• Your task: Below are the entries; give again exactly the lines from the one mentioning "For Huawei Watch" through the one mentioning "机械师(MACHENIKE)创物者Mini AMD高性能商务电脑台式迷你口袋主机(锐龙R7-7735H 32G", inclusive.

• Information shown:
--- START ---

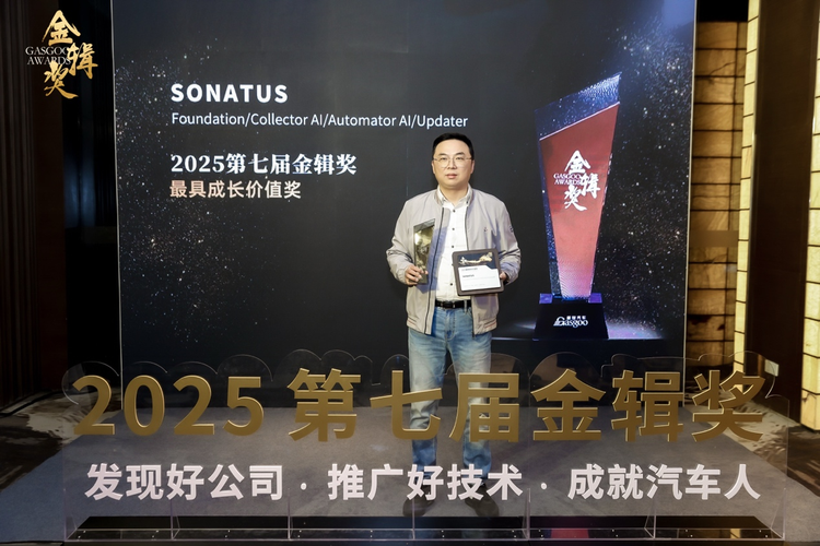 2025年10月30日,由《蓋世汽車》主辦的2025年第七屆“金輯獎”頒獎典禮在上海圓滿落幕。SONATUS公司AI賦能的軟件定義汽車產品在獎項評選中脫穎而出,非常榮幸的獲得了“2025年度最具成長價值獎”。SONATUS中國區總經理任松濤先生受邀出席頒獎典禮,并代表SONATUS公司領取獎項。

--- END ---
--- START ---

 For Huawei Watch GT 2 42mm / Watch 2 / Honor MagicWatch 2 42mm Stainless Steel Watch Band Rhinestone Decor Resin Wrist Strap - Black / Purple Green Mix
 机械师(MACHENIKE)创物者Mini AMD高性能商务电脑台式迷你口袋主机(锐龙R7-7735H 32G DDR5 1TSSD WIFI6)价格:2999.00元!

--- END ---
--- START ---

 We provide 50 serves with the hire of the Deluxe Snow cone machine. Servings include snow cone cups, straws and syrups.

--- END ---

• Reply:
 For Huawei Watch GT 2 42mm / Watch 2 / Honor MagicWatch 2 42mm Stainless Steel Watch Band Rhinestone Decor Resin Wrist Strap - Black / Purple Green Mix
 机械师(MACHENIKE)创物者Mini AMD高性能商务电脑台式迷你口袋主机(锐龙R7-7735H 32G DDR5 1TSSD WIFI6)价格:2999.00元!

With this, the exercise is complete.